Warehouse orders products by intuition: if last month sold 100 units — ordered 120. Result: seasonal products run out at peak, non-seasonal ones freeze working capital. Demand forecasting — not ML magic, it's statistics from historical sales data already in b_sale_order_basket.

Data source: sales history in Bitrix

All sales stored in b_sale_order_basket (order items) and b_sale_order (order headers). For forecasting need completed orders — those where b_sale_order.STATUS_ID corresponds to final statuses (usually F — completed).

Basic query for product sales history:

SELECT
    DATE_TRUNC('month', o.DATE_INSERT) AS sale_month,
    ob.PRODUCT_ID,
    SUM(ob.QUANTITY) AS qty_sold
FROM b_sale_order_basket ob
JOIN b_sale_order o ON o.ID = ob.ORDER_ID
WHERE o.STATUS_ID IN ('F', 'D')  -- completed and delivered
  AND o.CANCELED = 'N'
  AND ob.PRODUCT_ID = :product_id
  AND o.DATE_INSERT >= NOW() - INTERVAL '24 months'
GROUP BY 1, 2
ORDER BY 1;

24 months — minimum horizon for detecting annual seasonality.

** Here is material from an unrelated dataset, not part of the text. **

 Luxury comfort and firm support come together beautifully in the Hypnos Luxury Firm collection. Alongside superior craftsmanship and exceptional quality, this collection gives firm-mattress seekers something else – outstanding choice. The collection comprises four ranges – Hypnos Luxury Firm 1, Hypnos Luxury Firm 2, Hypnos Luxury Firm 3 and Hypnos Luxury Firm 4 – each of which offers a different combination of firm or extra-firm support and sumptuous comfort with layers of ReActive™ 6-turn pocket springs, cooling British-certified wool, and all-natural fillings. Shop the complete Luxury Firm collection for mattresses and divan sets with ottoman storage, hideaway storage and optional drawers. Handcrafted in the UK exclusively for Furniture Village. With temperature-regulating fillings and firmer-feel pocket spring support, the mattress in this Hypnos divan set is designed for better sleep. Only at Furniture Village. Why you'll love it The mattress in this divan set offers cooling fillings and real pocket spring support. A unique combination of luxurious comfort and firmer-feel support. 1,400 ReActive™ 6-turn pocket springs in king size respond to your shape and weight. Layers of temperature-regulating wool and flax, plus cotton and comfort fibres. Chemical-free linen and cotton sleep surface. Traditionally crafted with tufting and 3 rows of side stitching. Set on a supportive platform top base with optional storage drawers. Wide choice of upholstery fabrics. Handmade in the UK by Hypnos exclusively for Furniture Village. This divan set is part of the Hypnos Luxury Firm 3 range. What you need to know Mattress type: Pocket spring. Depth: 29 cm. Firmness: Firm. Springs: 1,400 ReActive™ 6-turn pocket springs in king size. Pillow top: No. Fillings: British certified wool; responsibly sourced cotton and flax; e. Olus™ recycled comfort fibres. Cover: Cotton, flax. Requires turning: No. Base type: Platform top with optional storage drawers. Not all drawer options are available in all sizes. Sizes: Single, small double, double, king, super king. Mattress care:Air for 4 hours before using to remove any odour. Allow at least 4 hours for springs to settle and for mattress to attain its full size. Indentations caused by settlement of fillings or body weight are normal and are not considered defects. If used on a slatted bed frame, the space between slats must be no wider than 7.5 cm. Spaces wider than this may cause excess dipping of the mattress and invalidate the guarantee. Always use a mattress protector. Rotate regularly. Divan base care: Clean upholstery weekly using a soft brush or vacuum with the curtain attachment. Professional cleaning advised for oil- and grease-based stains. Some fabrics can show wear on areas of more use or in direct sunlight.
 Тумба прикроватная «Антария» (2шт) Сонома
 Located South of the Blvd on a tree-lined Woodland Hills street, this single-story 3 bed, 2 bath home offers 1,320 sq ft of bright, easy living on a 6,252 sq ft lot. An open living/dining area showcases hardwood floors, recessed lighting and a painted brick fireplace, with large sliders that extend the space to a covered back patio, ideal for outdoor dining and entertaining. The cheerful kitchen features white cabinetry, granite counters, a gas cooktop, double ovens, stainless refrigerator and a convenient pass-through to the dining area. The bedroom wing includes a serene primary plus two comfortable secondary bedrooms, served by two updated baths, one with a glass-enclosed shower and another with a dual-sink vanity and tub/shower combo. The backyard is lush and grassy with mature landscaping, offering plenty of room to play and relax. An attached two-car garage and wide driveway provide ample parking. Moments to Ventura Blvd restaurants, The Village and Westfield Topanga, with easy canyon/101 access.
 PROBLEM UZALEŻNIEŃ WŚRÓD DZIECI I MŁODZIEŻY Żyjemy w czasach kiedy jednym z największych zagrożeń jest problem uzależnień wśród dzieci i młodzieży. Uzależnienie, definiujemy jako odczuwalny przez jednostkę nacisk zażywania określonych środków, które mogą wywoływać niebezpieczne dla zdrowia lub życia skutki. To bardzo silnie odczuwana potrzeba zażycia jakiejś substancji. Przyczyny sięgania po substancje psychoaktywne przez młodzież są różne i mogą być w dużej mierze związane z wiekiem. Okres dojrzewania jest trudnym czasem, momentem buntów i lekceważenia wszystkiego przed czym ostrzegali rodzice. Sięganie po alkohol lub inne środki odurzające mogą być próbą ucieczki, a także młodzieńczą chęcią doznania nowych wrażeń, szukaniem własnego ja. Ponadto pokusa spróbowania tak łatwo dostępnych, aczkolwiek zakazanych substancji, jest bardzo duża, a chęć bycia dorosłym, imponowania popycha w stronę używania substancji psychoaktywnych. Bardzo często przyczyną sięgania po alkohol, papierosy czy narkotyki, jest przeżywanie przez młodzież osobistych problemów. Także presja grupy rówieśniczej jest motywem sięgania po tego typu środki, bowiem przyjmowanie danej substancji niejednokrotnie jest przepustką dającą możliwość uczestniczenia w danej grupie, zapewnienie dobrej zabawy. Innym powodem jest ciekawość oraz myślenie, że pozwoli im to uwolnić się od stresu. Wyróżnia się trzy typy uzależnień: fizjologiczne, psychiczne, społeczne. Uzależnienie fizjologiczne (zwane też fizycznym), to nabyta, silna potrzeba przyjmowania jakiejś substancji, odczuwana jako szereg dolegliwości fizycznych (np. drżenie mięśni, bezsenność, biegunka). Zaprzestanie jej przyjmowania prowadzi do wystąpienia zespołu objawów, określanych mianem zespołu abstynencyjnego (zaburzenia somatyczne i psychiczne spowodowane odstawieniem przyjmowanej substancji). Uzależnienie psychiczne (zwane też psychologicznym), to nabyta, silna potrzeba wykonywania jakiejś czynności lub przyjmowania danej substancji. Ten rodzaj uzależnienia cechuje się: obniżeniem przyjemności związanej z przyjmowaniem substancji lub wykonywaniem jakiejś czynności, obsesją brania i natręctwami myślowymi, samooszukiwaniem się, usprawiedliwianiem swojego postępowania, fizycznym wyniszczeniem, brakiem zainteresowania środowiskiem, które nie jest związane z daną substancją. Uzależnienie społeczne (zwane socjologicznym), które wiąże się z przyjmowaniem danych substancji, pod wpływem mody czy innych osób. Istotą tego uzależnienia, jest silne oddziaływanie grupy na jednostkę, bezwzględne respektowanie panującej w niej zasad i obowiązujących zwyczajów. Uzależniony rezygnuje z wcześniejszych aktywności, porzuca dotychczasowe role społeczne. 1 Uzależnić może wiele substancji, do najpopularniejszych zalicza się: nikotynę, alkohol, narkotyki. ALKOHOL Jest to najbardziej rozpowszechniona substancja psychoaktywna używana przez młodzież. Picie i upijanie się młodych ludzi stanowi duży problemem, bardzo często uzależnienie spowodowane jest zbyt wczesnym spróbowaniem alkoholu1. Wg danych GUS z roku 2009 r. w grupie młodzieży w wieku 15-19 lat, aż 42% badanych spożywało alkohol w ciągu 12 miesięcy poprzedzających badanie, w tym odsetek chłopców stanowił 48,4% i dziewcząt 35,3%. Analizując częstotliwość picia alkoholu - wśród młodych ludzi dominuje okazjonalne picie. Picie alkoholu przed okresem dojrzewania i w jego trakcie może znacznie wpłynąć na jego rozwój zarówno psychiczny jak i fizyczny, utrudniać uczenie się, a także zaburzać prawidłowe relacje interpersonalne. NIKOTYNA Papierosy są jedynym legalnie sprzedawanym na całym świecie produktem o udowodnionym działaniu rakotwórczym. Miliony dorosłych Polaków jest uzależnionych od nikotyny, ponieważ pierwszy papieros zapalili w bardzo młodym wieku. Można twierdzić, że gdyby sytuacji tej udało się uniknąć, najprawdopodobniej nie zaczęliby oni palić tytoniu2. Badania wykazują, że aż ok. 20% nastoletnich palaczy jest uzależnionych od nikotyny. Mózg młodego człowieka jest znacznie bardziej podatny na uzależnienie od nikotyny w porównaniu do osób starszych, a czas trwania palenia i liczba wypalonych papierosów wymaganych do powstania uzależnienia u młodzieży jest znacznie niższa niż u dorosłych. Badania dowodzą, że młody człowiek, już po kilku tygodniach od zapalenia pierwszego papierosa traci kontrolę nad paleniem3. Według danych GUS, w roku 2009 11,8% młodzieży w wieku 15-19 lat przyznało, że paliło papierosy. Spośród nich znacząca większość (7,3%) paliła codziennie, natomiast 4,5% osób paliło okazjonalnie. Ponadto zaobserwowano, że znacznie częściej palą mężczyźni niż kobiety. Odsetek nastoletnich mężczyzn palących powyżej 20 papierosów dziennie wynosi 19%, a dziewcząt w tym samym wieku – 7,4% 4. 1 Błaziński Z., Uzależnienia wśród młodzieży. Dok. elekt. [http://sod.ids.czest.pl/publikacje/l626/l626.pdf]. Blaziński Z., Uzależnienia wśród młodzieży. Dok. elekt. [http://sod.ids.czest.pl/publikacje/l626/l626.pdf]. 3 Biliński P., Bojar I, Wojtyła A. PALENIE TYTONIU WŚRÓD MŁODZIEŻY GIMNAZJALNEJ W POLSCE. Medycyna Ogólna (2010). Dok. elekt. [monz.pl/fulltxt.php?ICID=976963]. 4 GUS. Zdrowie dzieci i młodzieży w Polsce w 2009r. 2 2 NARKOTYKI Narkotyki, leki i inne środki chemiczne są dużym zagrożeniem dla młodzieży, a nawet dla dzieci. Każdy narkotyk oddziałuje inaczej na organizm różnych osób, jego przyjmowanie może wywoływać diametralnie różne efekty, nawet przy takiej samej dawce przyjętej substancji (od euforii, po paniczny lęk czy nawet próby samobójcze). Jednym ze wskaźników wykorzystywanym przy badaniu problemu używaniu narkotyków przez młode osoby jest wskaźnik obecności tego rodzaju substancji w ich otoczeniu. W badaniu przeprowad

Simple forecasting methods

For most online stores three methods without ML are sufficient:

Simple Moving Average (SMA). Forecast for next month = average of last N months. N = 3–6 for stable demand, N = 2 for volatile.

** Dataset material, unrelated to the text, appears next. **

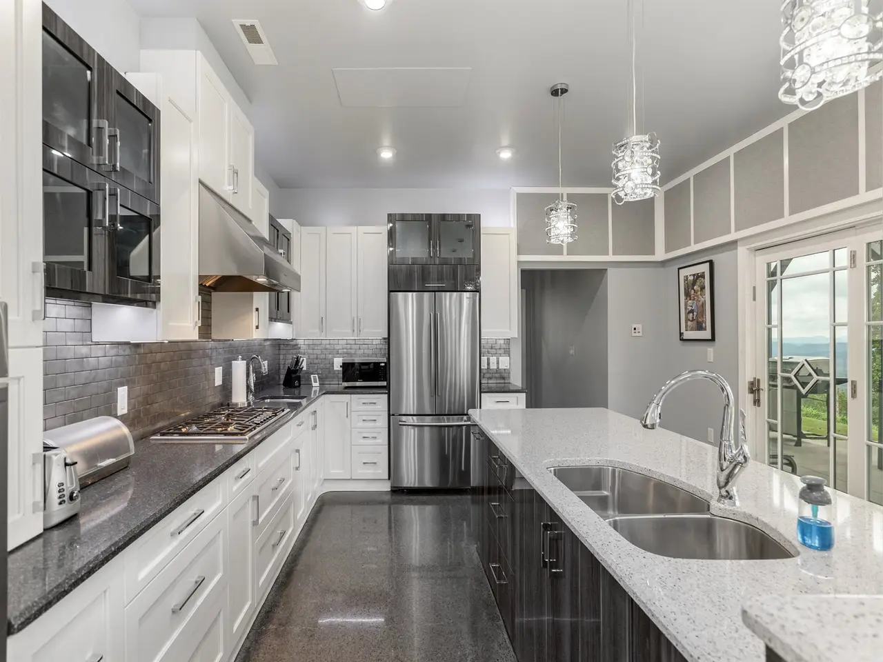 Captivating Luxury with a Unique Floor Plan! Step into a world of elegance and innovation with this stunning mountain property. The primary living spaces are thoughtfully situated on the lower level, merging style and functionality for an exceptional living experience. This home boasts energy-efficient hot water radiant heat set in sleek concrete floors, and with its southern exposure, natural light fills every room, enhancing comfort throughout the seasons. The heart of the home is the open kitchen with its spacious island, premium gas Thermador cooktop, and stylish metal tile subway backsplash. The luxurious primary suite features a dramatic hall of closets, a spa-inspired bath with tile step-in shower, a dedicated alcove for a hot tub or freestanding tub, and a two-sink vanity for ultimate convenience. Additional spaces include a guest bedroom and second full bath, an adjoining workshop for creativity, a bedroom with en-suite bath on the upper level, a large fitness room, and a bonus room ideal for hobbies or a personalized workspace. A separate outbuilding with overhead door provides endless possibilities, from vehicle storage to crafts. Outdoors, breathtaking long-range mountain views capture both sunrise and sunset, offering beauty from dawn to dusk. This extraordinary property is a harmonious blend of luxury, efficiency, and inspired design!

Weighted Moving Average (WMA). Last month has weight 3, previous — 2, third — 1. Reacts faster to trends.

Holt-Winters Method (triple exponential smoothing). Accounts for trend and seasonality. More complex to implement, but significantly more accurate for products with pronounced seasonality.

function forecastSimpleMA(array $monthlySales, int $periods = 3): float
{
    $recent = array_slice($monthlySales, -$periods);
    return array_sum($recent) / count($recent);
}

function forecastWMA(array $monthlySales, int $periods = 3): float
{
    $recent  = array_slice($monthlySales, -$periods);
    $weights = range(1, $periods);
    $total   = array_sum($weights);
    $sum     = 0;
    foreach ($recent as $i => $qty) {
        $sum += $qty * $weights[$i];
    }
    return $sum / $total;
}

Seasonality coefficient

For seasonal products (winter clothing, garden tools, school supplies) moving average will systematically error. Seasonality coefficient calculated from 2+ years of data:

// Average monthly sales volume over 2 years
$annualAvg = array_sum($monthlySales) / count($monthlySales);

// Seasonality coefficient for each month
$seasonalIndex = [];
for ($month = 1; $month <= 12; $month++) {
    $monthData = array_filter(
        $monthlySales,
        fn($m) => (int)date('m', strtotime($m['date'])) === $month
    );
    $monthAvg = array_sum(array_column($monthData, 'qty')) / max(count($monthData), 1);
    $seasonalIndex[$month] = $annualAvg > 0 ? $monthAvg / $annualAvg : 1.0;
}

// Forecast with seasonality
$baseForecast  = forecastSimpleMA($rawSales, 3);
$targetMonth   = (int)date('m', strtotime('+1 month'));
$adjustedForecast = $baseForecast * $seasonalIndex[$targetMonth];

Storing forecasts and reorder point

Forecast results saved to own table:

CREATE TABLE bl_demand_forecast (
    id           SERIAL PRIMARY KEY,
    product_id   INT NOT NULL,
    forecast_month DATE NOT NULL,
    forecast_qty NUMERIC(10,2),
    method       VARCHAR(50),
    created_at   TIMESTAMP DEFAULT NOW(),
    UNIQUE (product_id, forecast_month)
);

Based on forecast, recommended order volume calculated: forecast_qty * safety_factor - current_stock. safety_factor = 1.2–1.5 (buffer for forecast inaccuracy and delivery time).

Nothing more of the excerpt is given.